WORK ITEM: Would you retype exactly the lines below, starting with the one that has "在在街道敬老院,老人们试戴起" and going on through the one that has "Bag fyrrummet er", with no pictures and nothing else?

RECORD EXCERPTS:
BEGIN
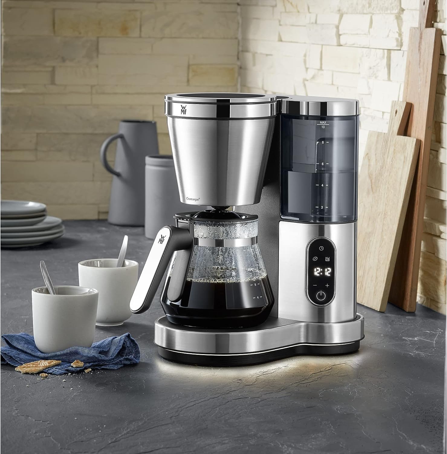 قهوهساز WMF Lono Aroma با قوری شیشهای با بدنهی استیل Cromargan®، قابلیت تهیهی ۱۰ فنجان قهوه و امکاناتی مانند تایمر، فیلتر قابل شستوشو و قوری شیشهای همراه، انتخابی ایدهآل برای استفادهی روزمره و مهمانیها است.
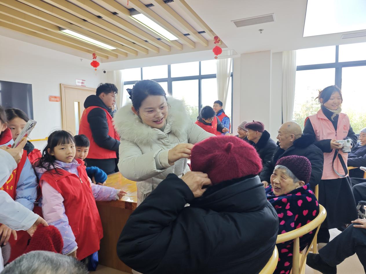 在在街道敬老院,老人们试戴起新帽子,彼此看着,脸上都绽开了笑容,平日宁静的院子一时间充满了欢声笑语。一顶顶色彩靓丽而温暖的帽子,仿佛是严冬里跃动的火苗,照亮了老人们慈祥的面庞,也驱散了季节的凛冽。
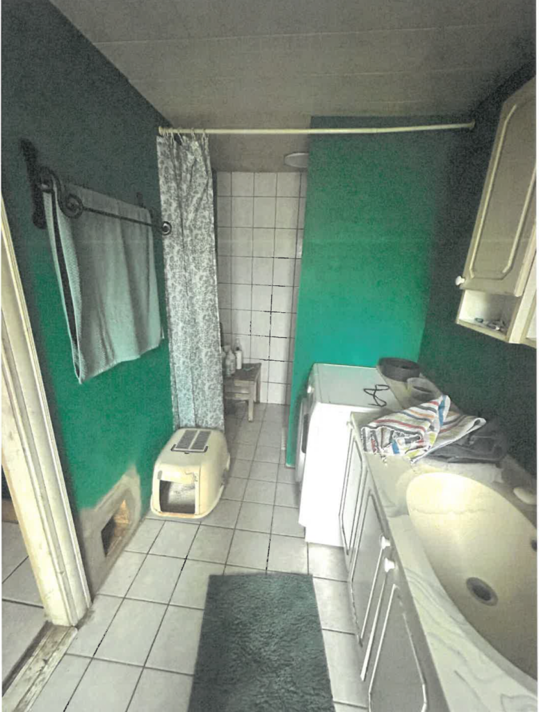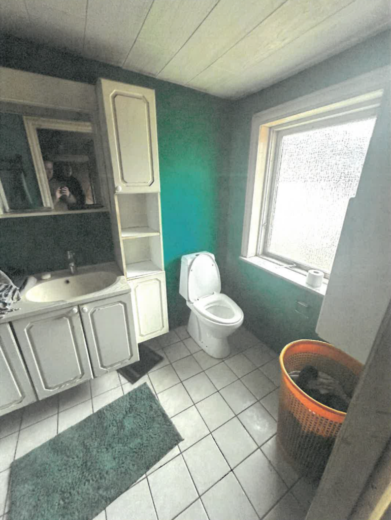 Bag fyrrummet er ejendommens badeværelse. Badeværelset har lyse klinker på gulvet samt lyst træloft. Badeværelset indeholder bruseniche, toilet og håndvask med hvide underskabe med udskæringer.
END
BEGIN
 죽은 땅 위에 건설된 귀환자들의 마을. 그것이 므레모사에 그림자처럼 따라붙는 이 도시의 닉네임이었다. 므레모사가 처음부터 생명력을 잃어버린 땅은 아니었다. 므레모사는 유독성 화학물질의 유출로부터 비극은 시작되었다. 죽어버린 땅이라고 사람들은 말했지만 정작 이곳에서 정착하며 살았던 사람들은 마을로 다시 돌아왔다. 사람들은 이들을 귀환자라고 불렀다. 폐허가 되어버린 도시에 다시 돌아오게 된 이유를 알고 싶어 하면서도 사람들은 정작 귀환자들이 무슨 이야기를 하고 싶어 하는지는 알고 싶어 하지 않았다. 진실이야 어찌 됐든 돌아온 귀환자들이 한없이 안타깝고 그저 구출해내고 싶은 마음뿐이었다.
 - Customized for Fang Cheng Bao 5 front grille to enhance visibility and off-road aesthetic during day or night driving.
END
ANSWER FOR THE TASK:
 在在街道敬老院,老人们试戴起新帽子,彼此看着,脸上都绽开了笑容,平日宁静的院子一时间充满了欢声笑语。一顶顶色彩靓丽而温暖的帽子,仿佛是严冬里跃动的火苗,照亮了老人们慈祥的面庞,也驱散了季节的凛冽。
 Bag fyrrummet er ejendommens badeværelse. Badeværelset har lyse klinker på gulvet samt lyst træloft. Badeværelset indeholder bruseniche, toilet og håndvask med hvide underskabe med udskæringer.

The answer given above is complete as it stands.